Postbuckling responses of functionally graded cylindrical shells under axial compression and thermal loads

Abstract

This paper presents a postbuckling analysis of functionally graded cylindrical shells under axial compression and thermal loads using the element-free kp-Ritz method. The formulation is developed to handle problems of small strains and moderate rotations, based on the first-order shear deformation shell theory and von Kármán strains. The effective material properties of the shells are assumed to be continuous along their thickness direction, and are obtained using a power-law distribution of the volume fractions of the constituents.
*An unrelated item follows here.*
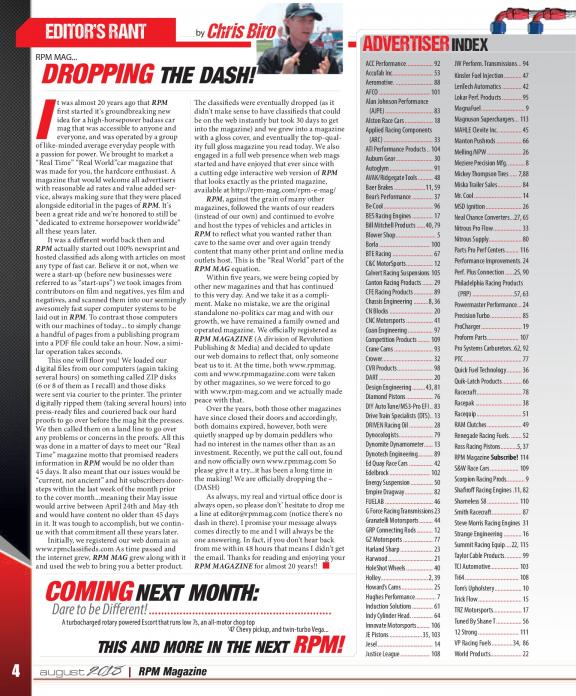 The focus of RPM is to bring a diverse mix of high performance street and race automobiles to life within its pages including: Race cars, musclecars, hot rods and street legal machines with an emphasis on the "Extreme" including Fast doorslammer and outlaw forms of Drag Racing. Not familiar with these types of cars? They are considered to be the top shelf of the industry and are on the edge with regards to design and power. Grab your copy today and check it out. We are sure you will want more!

The approximations of the two-dimensional displacement fields are expressed in terms of a set of mesh-free kernel particle functions. The system bending stiffness is evaluated using a stabilized conforming nodal integration method and the membrane and shear terms are estimated using direct nodal integration to eliminate shear locking. The postbuckling path is traced using a combination of the arc-length and mesh-free kp-Ritz methods. The proposed formulation is validated by comparing the results of the proposed method with those in the literature. The postbuckling responses of two types of functionally graded conical shells, one composed of Al/ZrO2 and the other of SUS304/Si3N4, are investigated and the effects of volume fraction, boundary condition, and length-to-thickness ratio on postbuckling behavior are discussed in detail.